Through Open Doors

 

He didn’t just walk in.
You opened the door,
welcomed him as you would
an old friend.

He had promises to keep…
to  get rid of the roaches,
those Blacks, immigrants, gays, and Jews.
They weren’t Christian whites, like you.

Was I alone in seeing jackboots
again seizing peace on the streets,
screaming slurs and raising torches,
searing fear in the hearts of victims
as white-hot as the brands they bore
on their arms not that long ago?
Was I alone in knowing that pain, too?

He promised money to the poor,
health care for the sick, and safety
for our children.
And you believed him.

While you sewed your curtains,
baked your brownies,
polished your silver and
planted your pretty flowers,
he was spreading seeds of hate.

You pray at church on Sundays.
What do you pray for?
I pray at my grandmother’s grave,
spill tears for her family, her friends,
for all the Jews murdered
because of people
who opened the door for Nazis,
welcomed them like old friends.

We did not leave the door open
for this again.

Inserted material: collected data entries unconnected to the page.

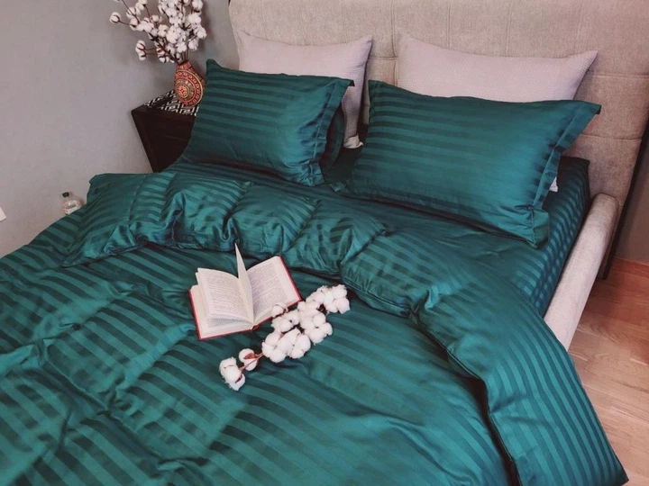 Постільна білизна однотонна Глибокий Смарагдовий, євро розмір 200х220 см, турецький сатин страйп преміум, смужка 2/2 см, нав
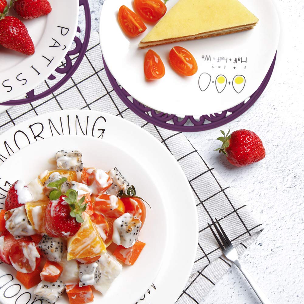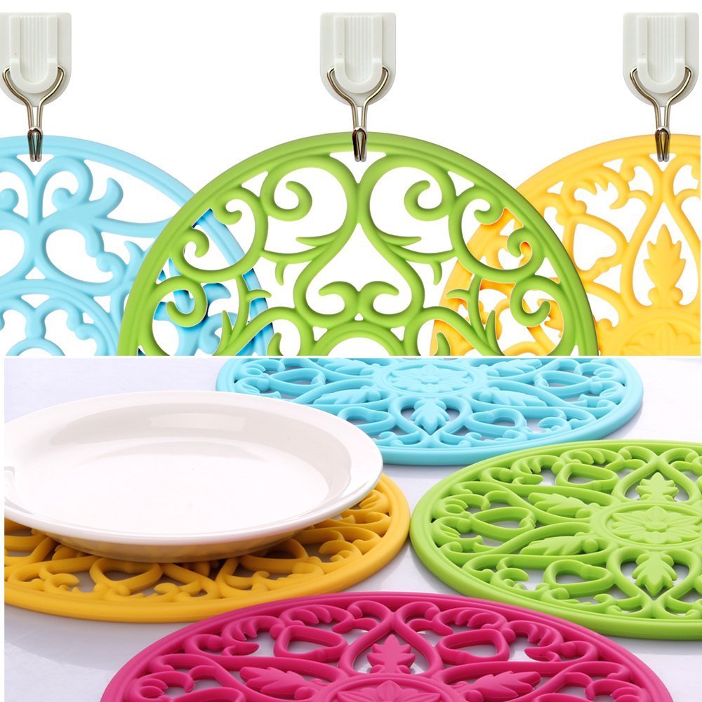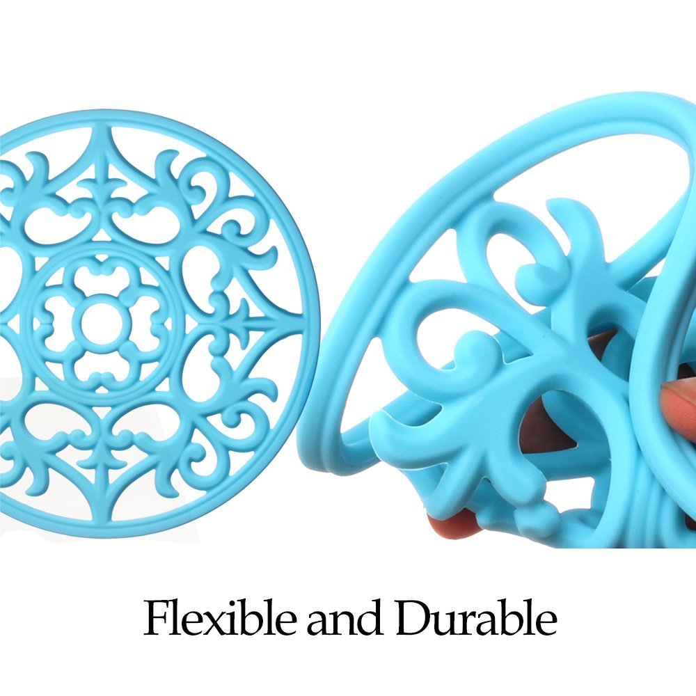 MUTI-USE TRIVET: The soft and flexible silicone trivets can be used as a trivet to protect your kitchen surface from all scalding dishware. The unique yet practical and durable trivets are also suitable for kitchen mats, table mats, bowl mats, dish mats and pitcher coasters
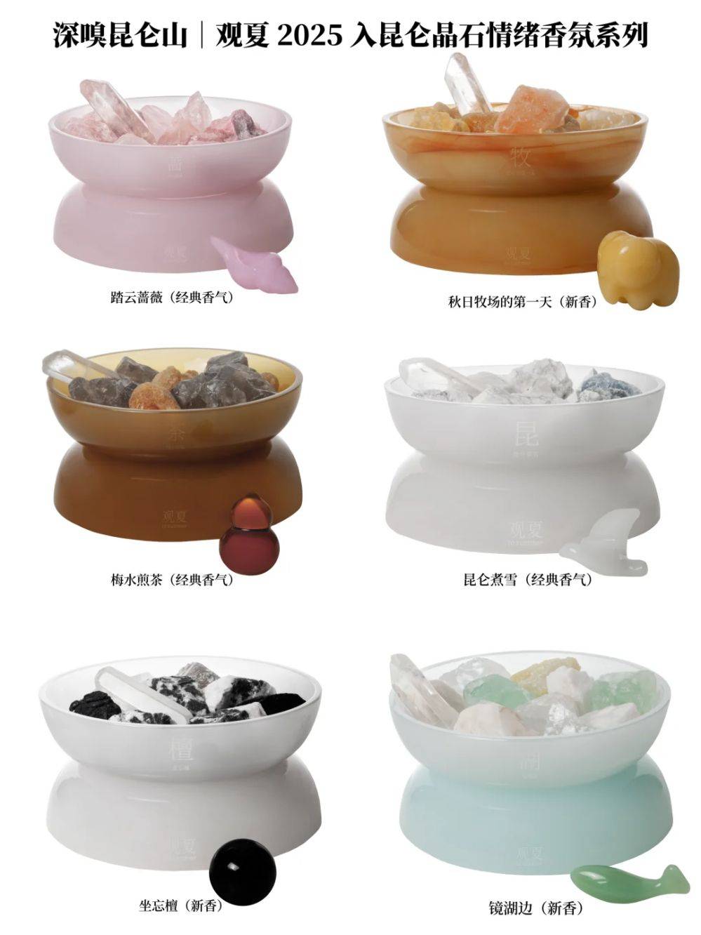 (图说:近期,观夏推出“深嗅昆仑山 入昆仑山晶石情绪香氛系列”,创作背景来源于巍峨昆仑山。)
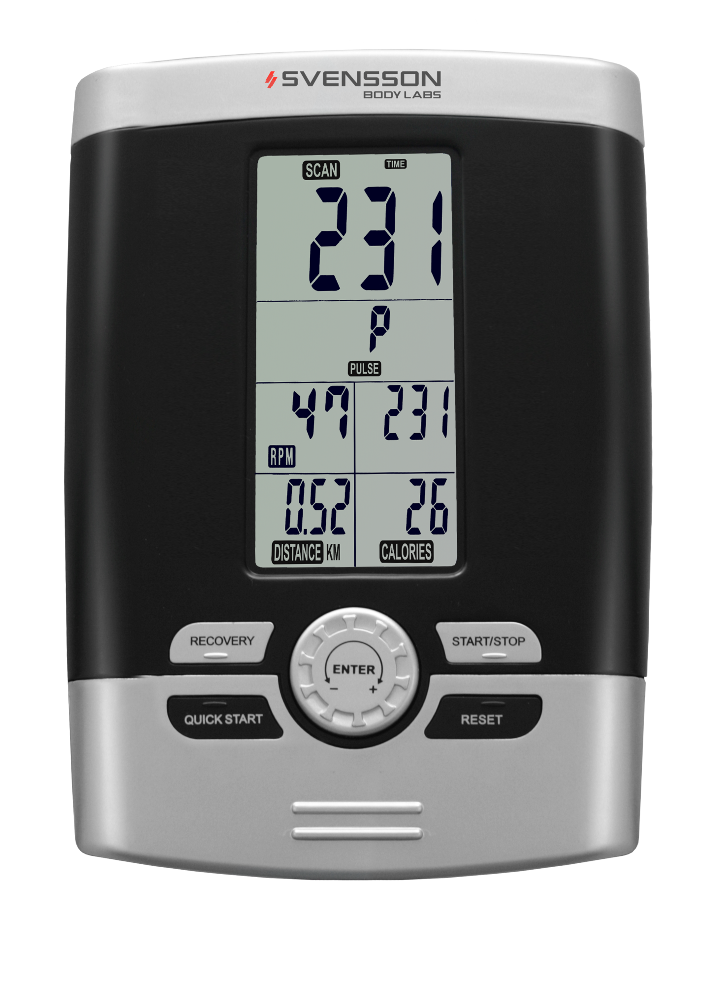 Тренировочный компьютер представлен черно-белым LCD-дисплеем диагональю 14,5 см. На экран выводятся все основные параметры тренировки - время, дистанция, скорость, калории, обороты в мин. и пульс. Регулировка нагрузки регулируется механическим путем в 8 положениях. По завершении тренировки функция Recovery оценит способность сердечно-сосудистой системы к восстановлению.
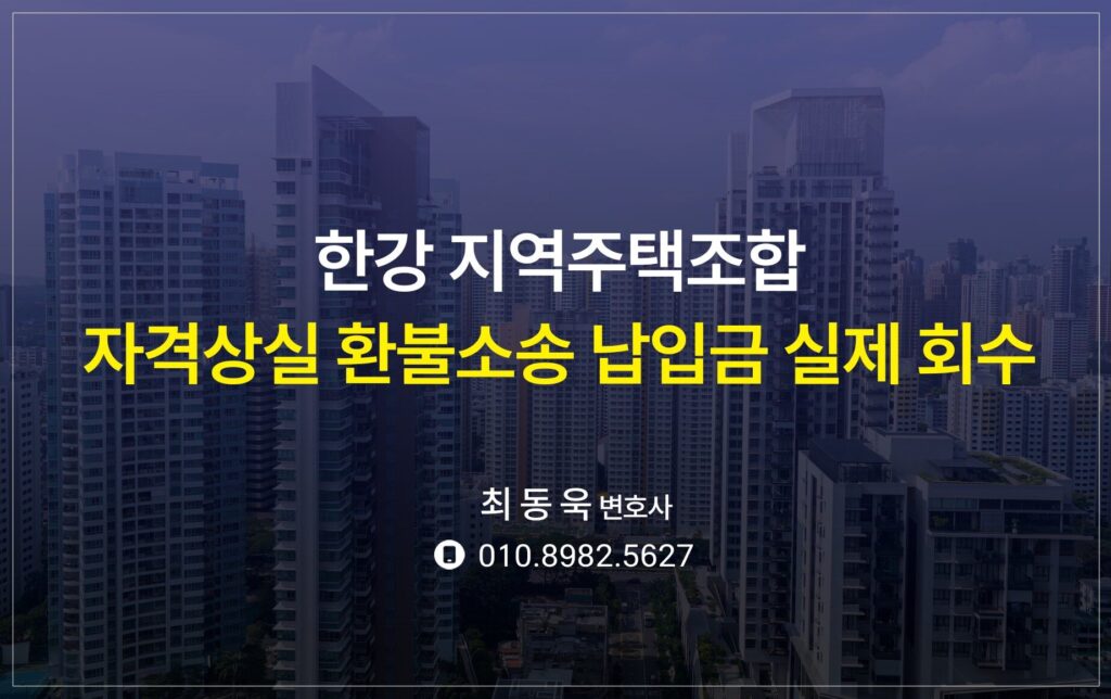 한강 지역주택조합 자격상실 환불금 청구소송 및 납입금 3억 1천만원 실제 회수
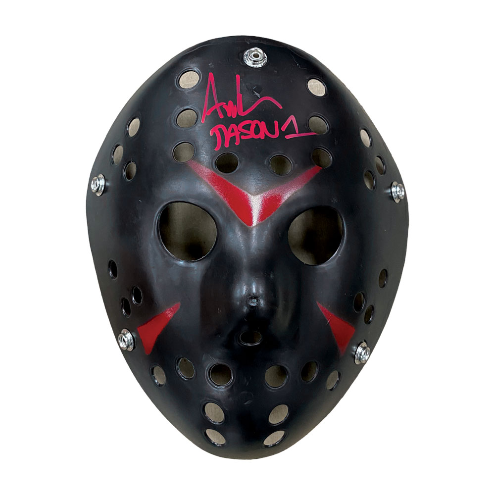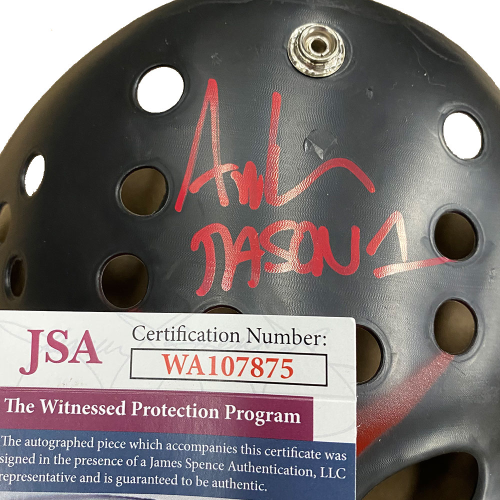- Full-Size Jason Voorhees Black Replica Mask Hand Signed by Ari Lehman
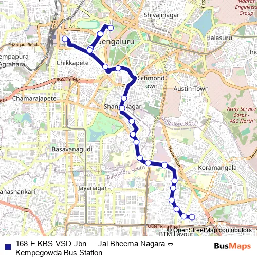 The first stop of the 168-E KBS-VSD-Jbn bus route is Jai Bheema Nagara and the last stop is Kempegowda Bus Station. 168-E KBS-VSD-Jbn (Jai Bheema Nagara ⇔ Kempegowda Bus Station) is operational during everyday.
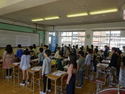 3年1組、2組合同で音楽の学習を行いました。学校探検をしていた1年生が見に来てくれました。1年生のお手本となるような良い歌声で歌うことができました。
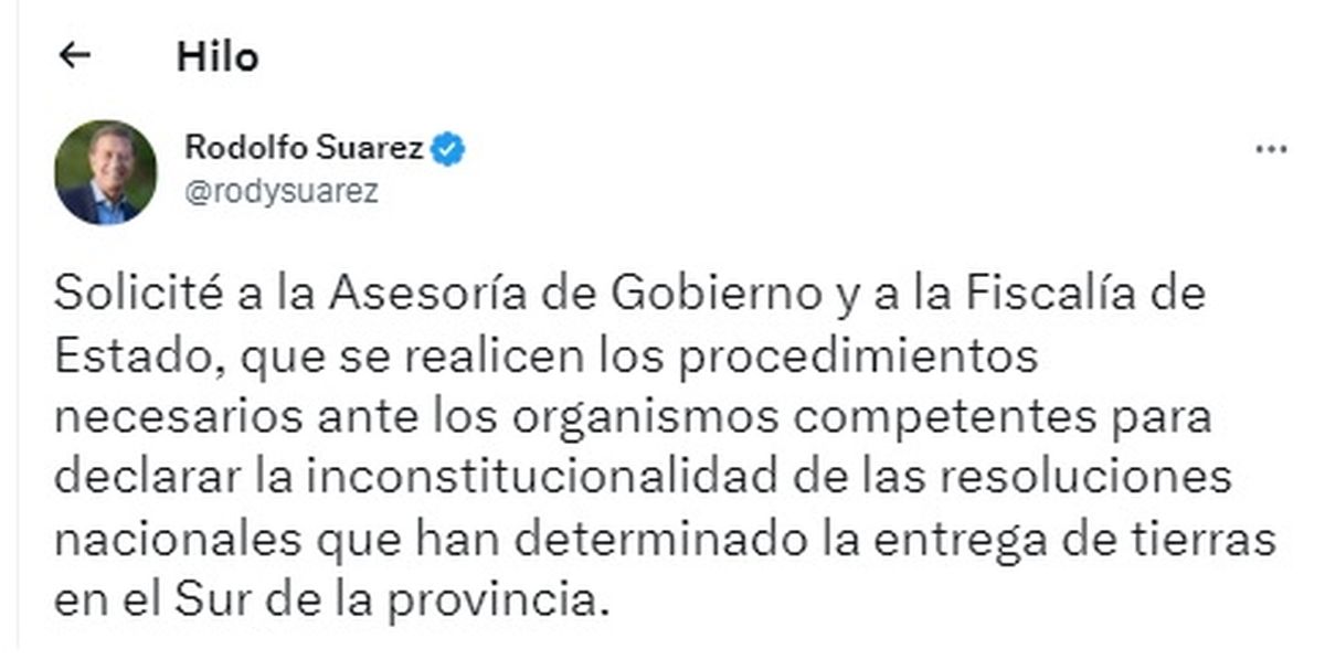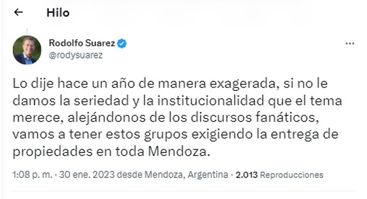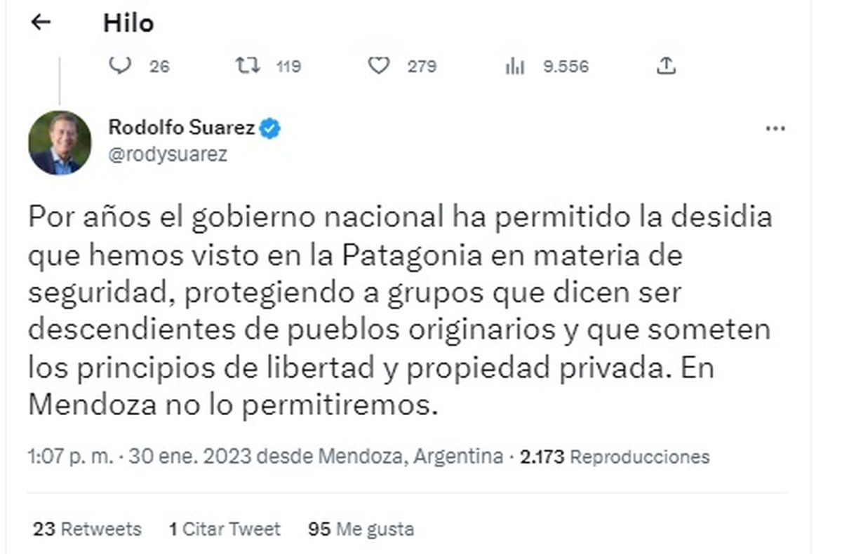 Según consta en el hilo de Twitter publicado en la cuenta oficial del Gobernador, este asegura que no va a permitir que en Mendoza ocurra lo mismo que sucede en el Sur del país con respecto a los mapuches.
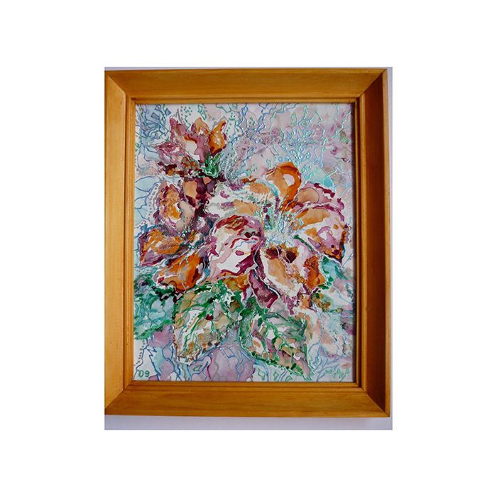 Картина на рисувана керамика в дървена рамка. Размерът на картината е - 20 см на 25 см.
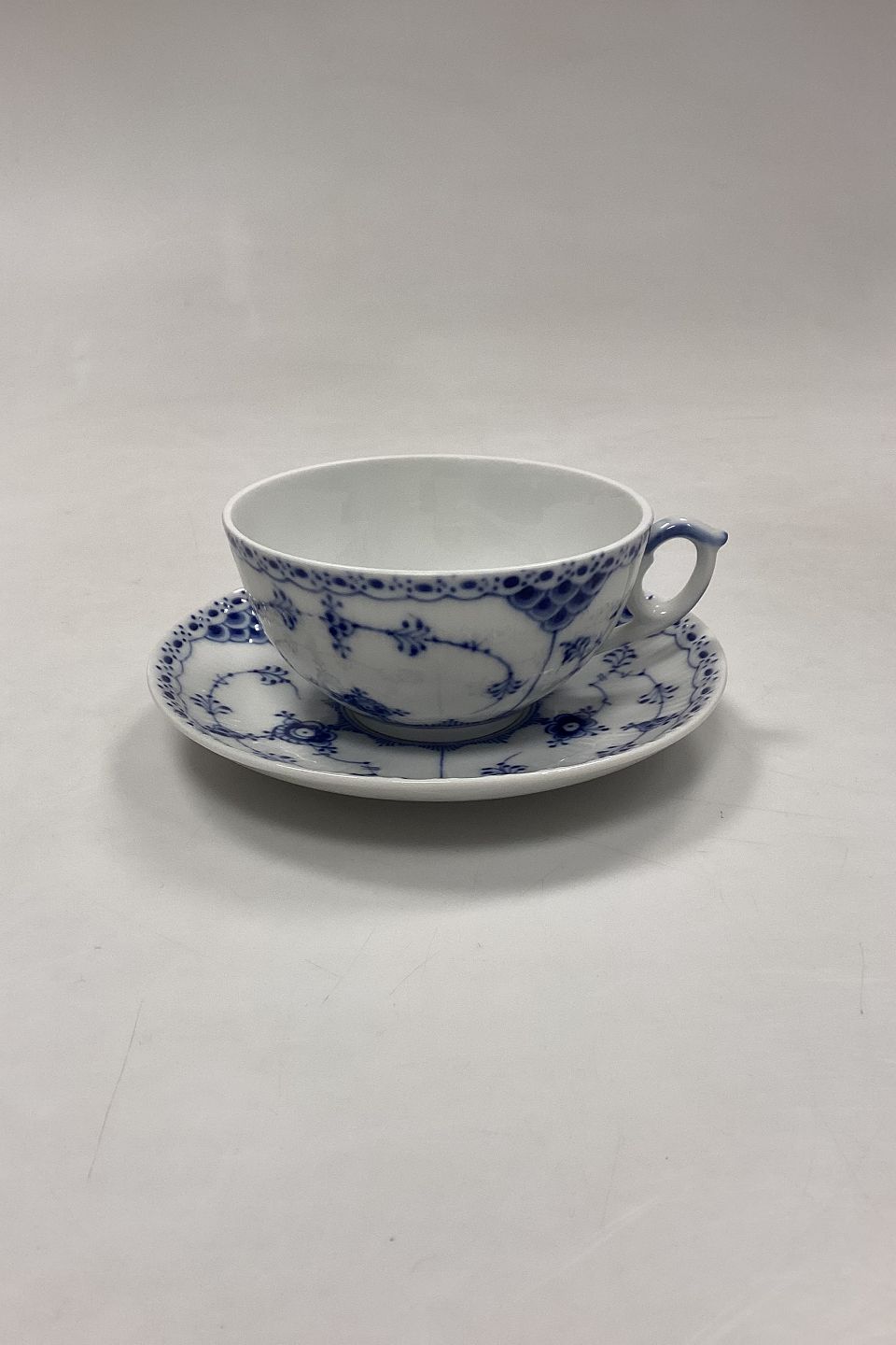 Royal Copenhagen Musselmalet Halvblonde Stor Tekop No. 656. Måler: Kop 5,5 cm x 10,5 cm / 2,16 in. x 4,13 in. Underkop 15 cm / 5,90 in.
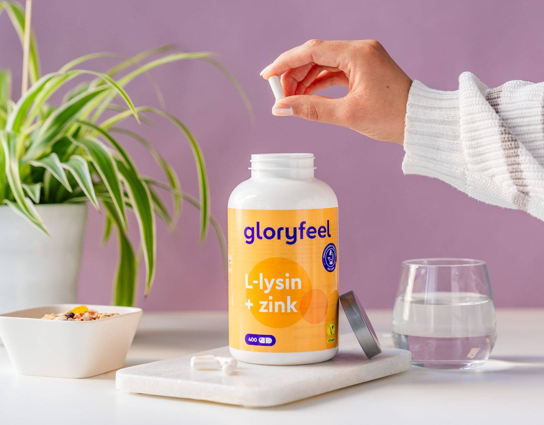 Du kannst L-Lysin hochdosiert im Mix mit Zink ganz einfach in unserem gloryfeel Online-Shop bestellen.
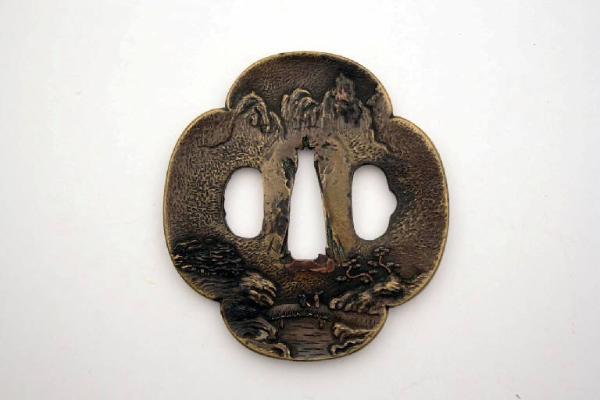 Elsa di spada giapponese di forma quadrilobata (mokkogata), con i tre fori canonici, quello centrale (nakagoana) per il codolo, il foro di sinistra (kozuka hitsuana) per il coltellino, e quello di destra (kogai hitsuana) per lo spillone. E' rappresentato un paesaggio di montagna, dove due samurai stanno attraversando un ponte di legno per andare verso una casa. Il paesaggio è dominato dalla presenza di alte montagne rocciose. L'oggetto è stato realizzato in Sentoku, una lega simile all'ottone.
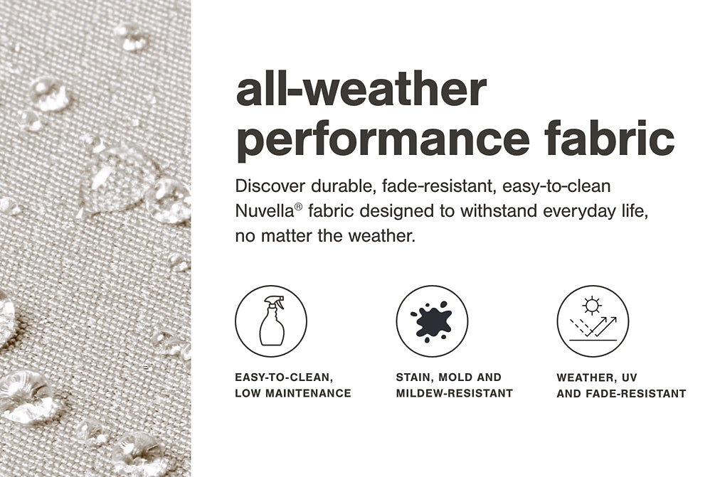 | Detalles | Incluye 8 piezas modulares: 6 sillas de exterior y 2 mesas auxiliares de exterior, Estructura de silla y mesa de aluminio, Tela teñida en solución de alto rendimiento, Nuvella® es una tela para exteriores que se puede limpiar y ofrece resistencia a los rayos UV, Herrajes de acero inoxidable, Diseñado para soportar los elementos duros del exterior, Asiento acolchado, Cojín de respaldo incluido, Incluye funda protectora de PVC para la intemperie, Limpie la tela con agua y jabón suave, deje secar al aire; para manchas difíciles, use una solución de 1 taza de blanqueador en 1 galón de agua, Requiere ensamblaje | |

It is hard to close
the door with you on the other side.

 

Shelly Blankman and her husband are empty-nesters who live in Columbia, Maryland with
their 4 cat rescues. They have two sons: Richard, 32, of New York, and Joshua, 30, of San Antonio. Her first love has always been poetry, although her career has generally followed the path of public relations/ journalism. Shelly’s poetry has been published by Whispers, Silver Birch Press, Verse-Virtual, Praxis Magazine Online, Ekphrastic: writing and art on art and writing and Visual Verse.